The obtained database can then be used for BLAST searches of gene families. Here the utilization of minimal datasets that are family specific can be very useful . Discovery of the genes of interest, have to be followed by the design of primers that can confirm that the gene sequence is also found in the living plants by PCR on the original plant material. Only then can one order a synthetic clone of the gene of interest for biochemical characterization. The PCR will confirm the in-planta sequence and even with the current technologies and assembly algorithms miss assemblies do occur.
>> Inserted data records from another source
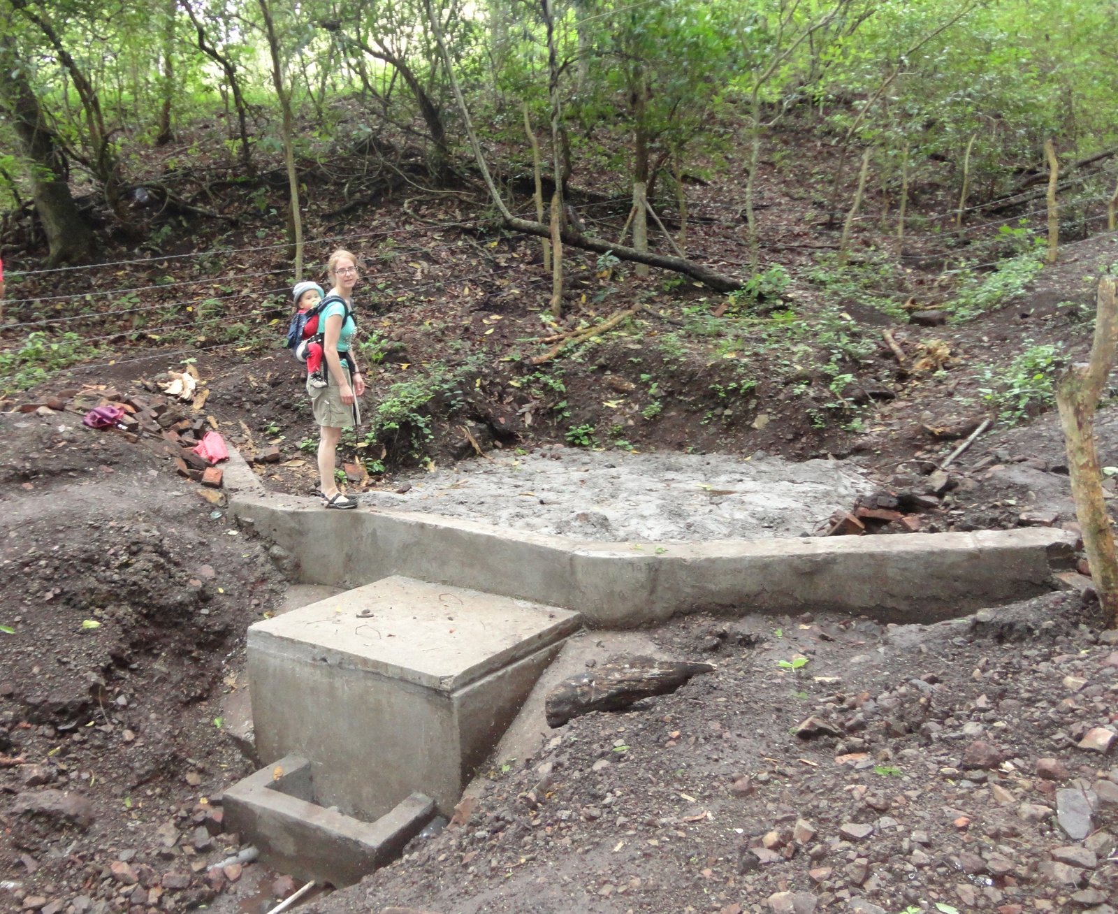 Die obere Wasserquelle, welche wir in einem ersten Schritt gefasst haben, befindet sich ca. 30 min Fussmarsch vom Wohnhaus entfernt, in einem kleinen Tälchen im Wald (Foto). Vorher floss dieses Wasser als kleines Bächlein in den Fluss „Calico“, welcher das Dorf San Dionisio durchquert. Die Kühe hatten über die ganze Strecke Zugang zu diesem Trinkwasser. Nun wurde die Quelle mit einem Tank geschützt. Aus diesem Tank gelangt das Wasser direkt über eine eineinhalb Kilometer lange Wasserleitung bis zum Sammeltank. Dazu haben 7 bis zeitweise 20 Arbeiter während Wochen einen 80 cm tiefen Graben geschaufelt. Da die Beschaffung von so vieler Werkzeuge, wie Schaufeln und Pickel, eine kostspielige Sache ist, hat Jaime ein neues System erfunden. Er zahlte einem Arbeiter eine gewisse Summe zusätzlich zu seinem Tageslohn, wenn er sein eigenes Werkzeug mitnahm. Diese Mehrverdienstmöglichkeit führte dazu, dass alle versuchten, ein Werkzeug bei Familie, Nachbarn oder Freunden zu organisieren. So waren immer genügend Werkzeuge vorhanden und die Arbeiten kamen dadurch zügig voran. Rechtzeitig, nämlich bevor die Regenzeit einsetzte, musste das Verlegen der Rohre beendet sein, damit der Graben nicht fortwährend wieder zugeschüttet wurde.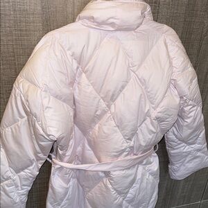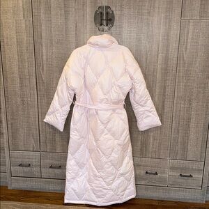 Cozy pink quilted robe with a tie belt. Perfect for lounging.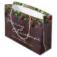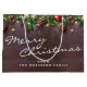 Custom merry christmas gift bag featuring a dark wooden background, festive christmas tree branches, red & gold tree decorations, pine cones, and string twinkle lights.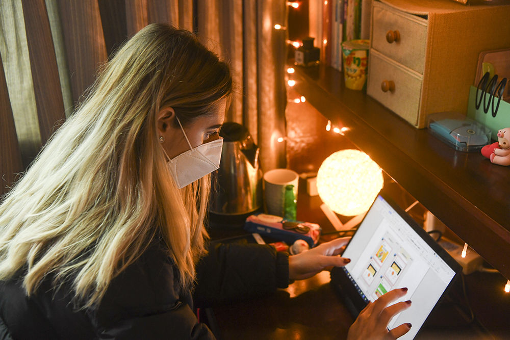 2月18日,重庆大学乌克兰籍留学生志愿者奥丽娅在设计制作引导留学生减少外出、通过线上购买生活必需品的宣传资料。 新华社记者王全超摄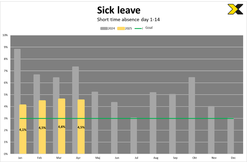 • Sick leave decreased and showed a positive trend throughout 2025 compared to 2024.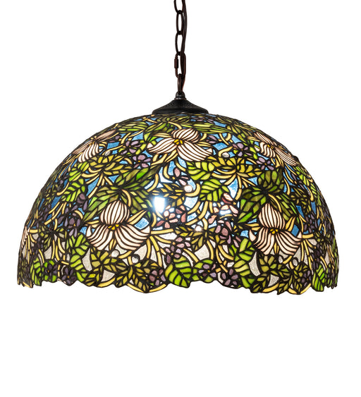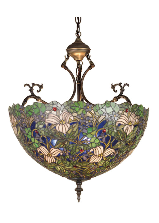 Nature abounds in this resplendent stained glass pendant. Glistening Red Glass Berries, Ivory Trilliums, and clusters of Purple Violets with Woodla...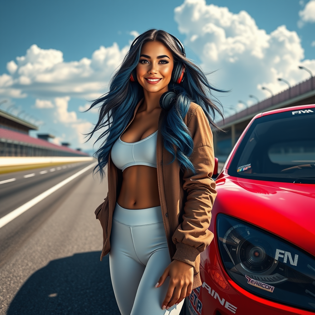 Modelshoot style, full body portrait of an exceptionally beautiful woman, a stunning racecar driver standing confidently beside a red racecar on a race track, with tanned skin and flowing long hair. Her face is detailed and symmetrical with a radiant smile, reflective eyes, dark eyebrows, and expertly applied makeup including mascara. Dust particles float in the detailed lighting, with rim lighting enhancing the dramatic chiaroscuro effect. She wears an open jacket and white yoga pants, set against a backdrop of road, bleachers, blue sky, and white clouds. Inspired by the artistic styles of John Constable, Ed Blinkey, Atey Ghailan, Jeremy Mann, Greg Manchess, and Antonio Moro, this scene trends on ArtStation and CGSociety for its intricacy and high detail. Elements of Makoto Shinkai's Kyoto influence the aesthetic, bringing an animated liveliness, while the character sports vibrant blue hair with an 'Iron Mouse' flair and wears headphones. Rendered with artistic finesse, avoiding any distortion or unrealistic proportions for a clear and captivating portrayal.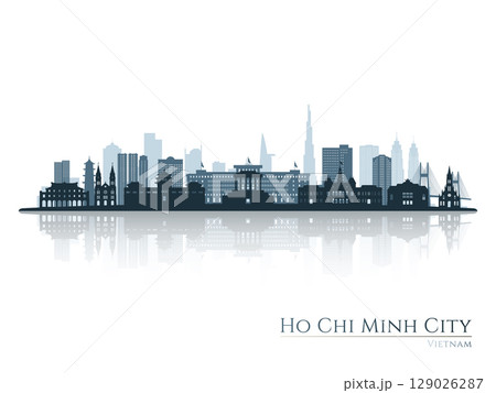 Ho Chi Minh City skyline silhouette with reflection.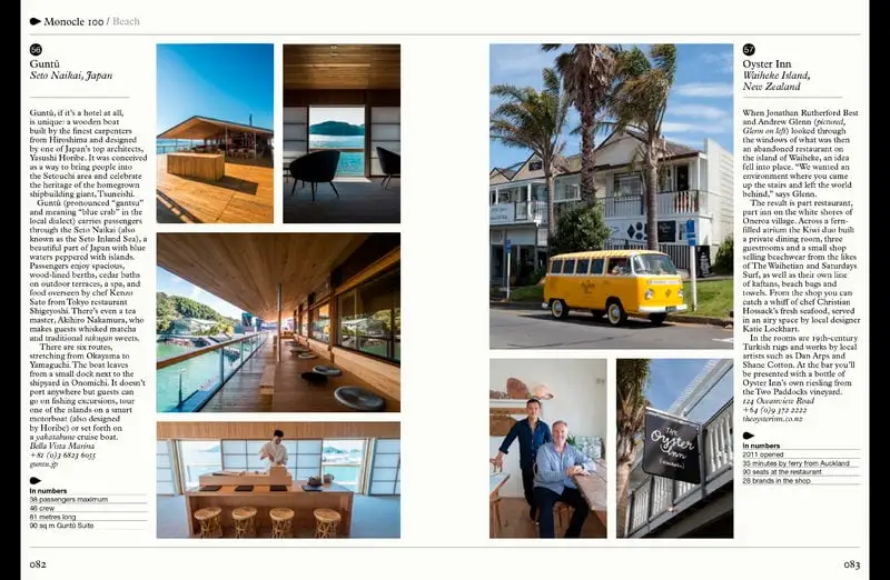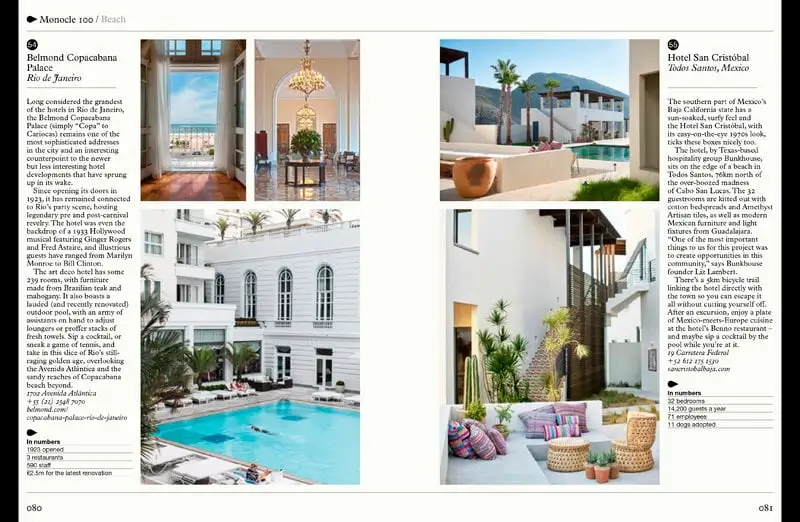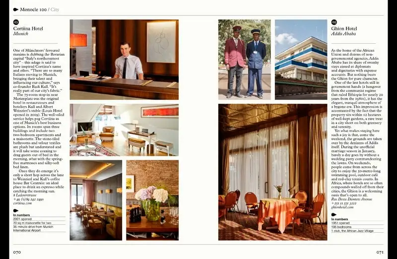 The Monocle Guide To Hotels, Inns and Hideaways bietet inspirierende und frische Perspektiven auf Unterkünfte sowohl aus der Sicht eines Reisenden als auch aus der eines angehenden Hoteliers. Die Redaktion des britischen Lifestyle-Magazins Monocle hat 100 ihrer Lieblingsunterkünfte auf der ganzen Welt ausgewählt und eine Liste mit den wichtigsten Merkmalen für ein perfektes – wenn auch imaginäres – Hotel zusammengestellt, zusammen mit Tipps und Tricks von Profis, wie man ein erfolgreiches Hotel betreibt. Das farbenfrohe, visuell ansprechende Buch wurde auf schweres Papier gedruckt. The Monocle Guide To Hotels, Inns and Hideaways ist Teil der Monocle-Reihe, die von Gestalten herausgegeben wird.

With continuously falling prices on transcriptomic sequencing, increasing depth and coverage in the obtained datasets followed by continuously increasing amount of online available genomic data the perspectives in this field are daunting. The lack of transcriptomic sequence data will never again be the bottleneck in biology and biochemistry. However, the lack of fast biochemical and physiological screening methods will be the bottleneck for the decades to come. From just one transcriptomic analysis at € 2000, one will obtain enough RNA sequence information to keep tens of biochemistry post docs and PhD students busy for many years. Utilization of tissue and developmental specific transcriptomics will significantly shorten the discovery time as shown with both the grape and forskolin studies. Thus, chemical profiling and physiological studies of the plant prior to transcriptomic analysis is highly recommended to lower the amount of biochemical characterization needed in the later studies.
It is foreseen that numerous studies will utilize transcriptomics throughout plant biology and that the field will explode in publications within the next couple of years.